*BRIEF*: Print the whole listing below exactly as given, pictures excluded.

*SOURCE MATERIAL*:
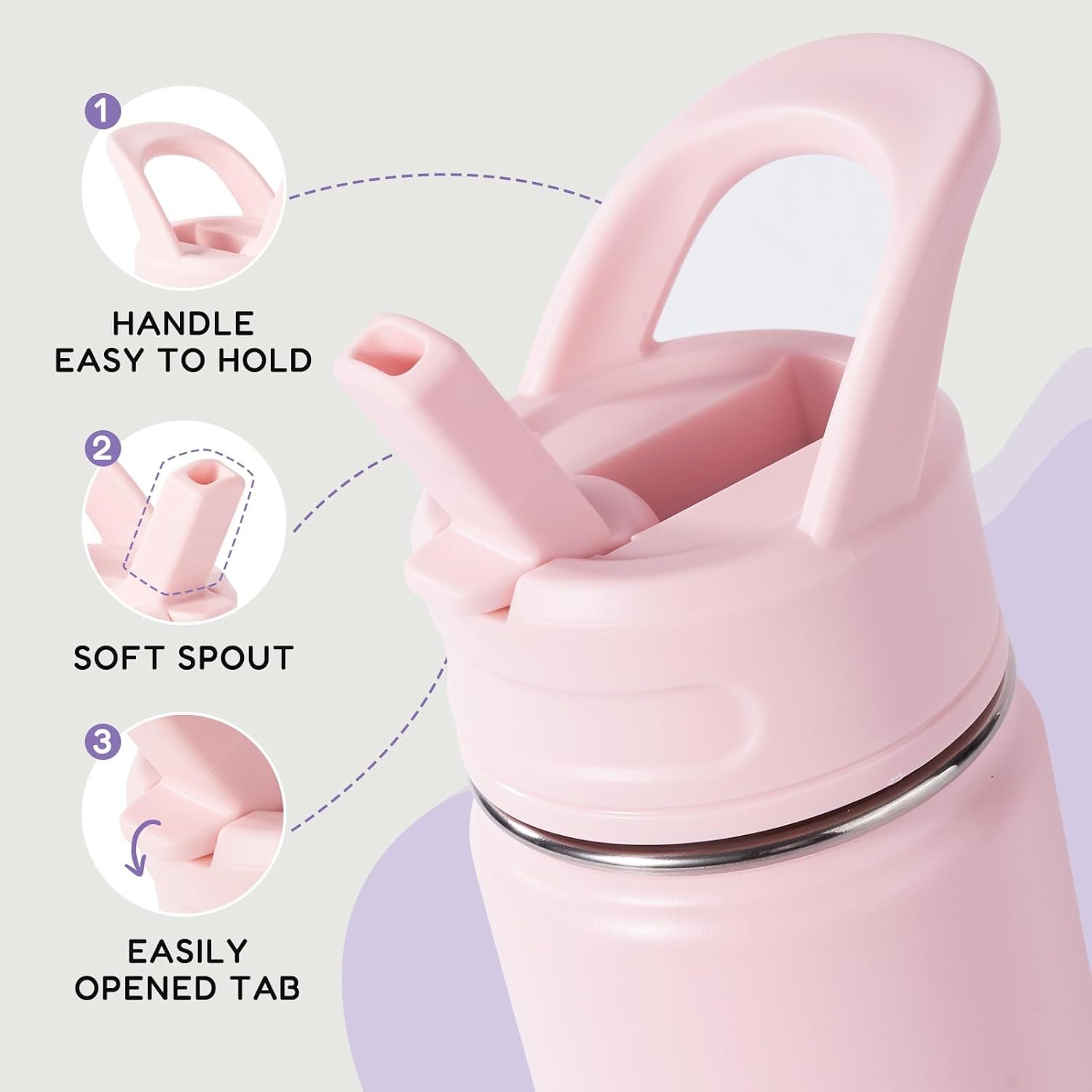 🥤Friendly Design – The bottle with straw is designed with the perfect size for little hands, making it easy for carry and use. This ensures a comfortable drinking experience while meeting their hydration needs.
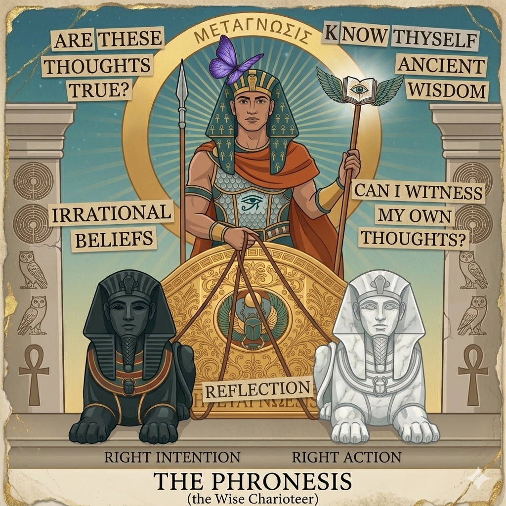 Plato described this process of mental autonomy in his allegory of the Chariot—for the charioteer must use his reason to move the chariot (self) forward in an orderly manner, using the horse’s reigns to control our two horses—the black horse representing irrational impulses and/or selfish desires and the white horse representing high moral and/or noble impulses. We all have both impulses inside of us and the goal of being in the role of Charioteer is to master them both (and therefore self) through reason. We can use the Socratic Method on ourselves to create more awareness of ourselves and others.
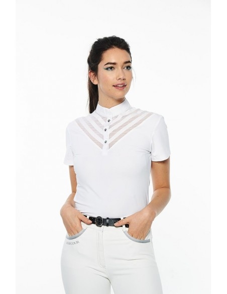 Koszulka jezdziecka harcour. Stan nowa z metką. Biała konkursowa Piękna, z siateczka na piersi. Pierwszy guzik na magnes. Materiał jest śliski nie łapie brudu. Wygodna. Rozmiar standardowy elastyczna. szerokość 49-53 cm x2 dl całkowita od ramienia 63 cm
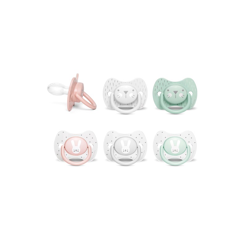 Con tetina fisiológica silicona. De forma plana y simétrica queda siempre correctamente colocada en la boquita del bebé, ejerciendo la mínima presión sobre el paladar.
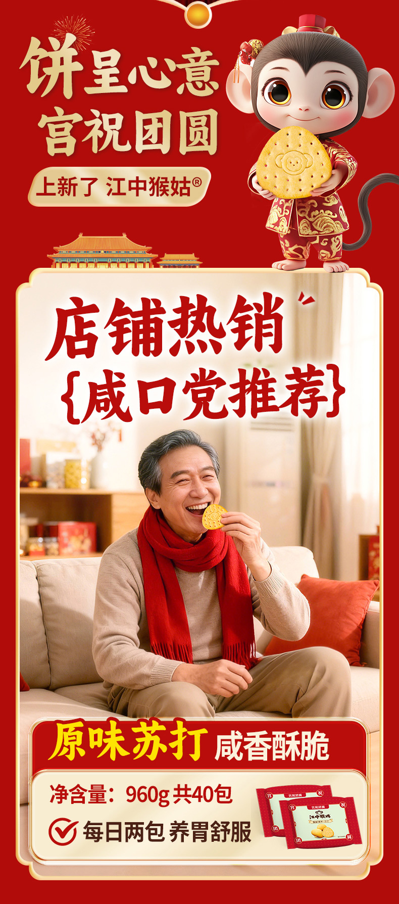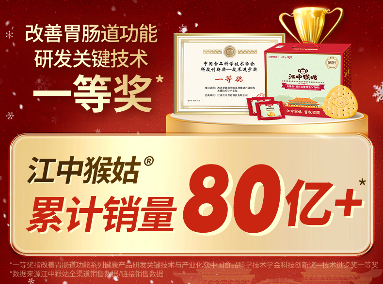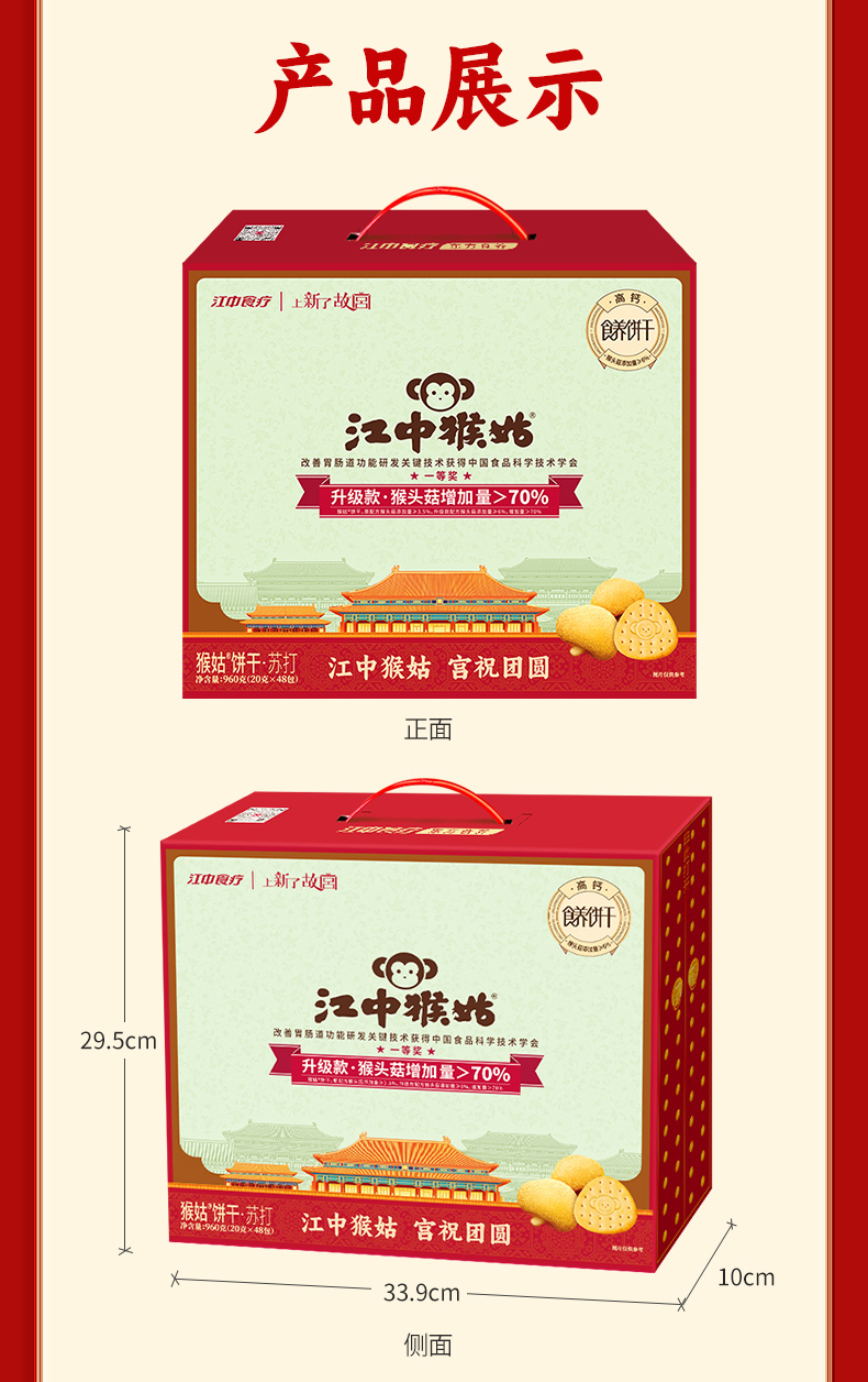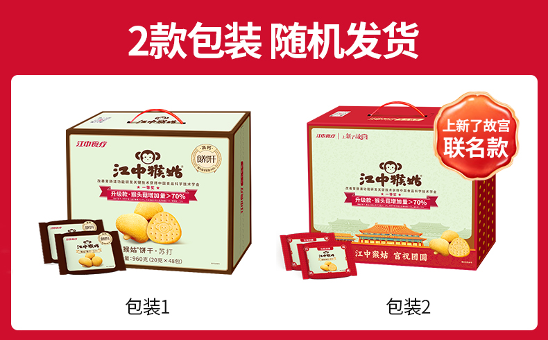 江中猴姑原味苏打饼干20天装960g/盒 猴头菇碱性养胃中和胃酸健康零食 2026年1月生产,保质期12个月

*RESULT FOR THIS EXERCISE*:
 🥤Friendly Design – The bottle with straw is designed with the perfect size for little hands, making it easy for carry and use. This ensures a comfortable drinking experience while meeting their hydration needs.
 Plato described this process of mental autonomy in his allegory of the Chariot—for the charioteer must use his reason to move the chariot (self) forward in an orderly manner, using the horse’s reigns to control our two horses—the black horse representing irrational impulses and/or selfish desires and the white horse representing high moral and/or noble impulses. We all have both impulses inside of us and the goal of being in the role of Charioteer is to master them both (and therefore self) through reason. We can use the Socratic Method on ourselves to create more awareness of ourselves and others.
 Koszulka jezdziecka harcour. Stan nowa z metką. Biała konkursowa Piękna, z siateczka na piersi. Pierwszy guzik na magnes. Materiał jest śliski nie łapie brudu. Wygodna. Rozmiar standardowy elastyczna. szerokość 49-53 cm x2 dl całkowita od ramienia 63 cm
 Con tetina fisiológica silicona. De forma plana y simétrica queda siempre correctamente colocada en la boquita del bebé, ejerciendo la mínima presión sobre el paladar.
 江中猴姑原味苏打饼干20天装960g/盒 猴头菇碱性养胃中和胃酸健康零食 2026年1月生产,保质期12个月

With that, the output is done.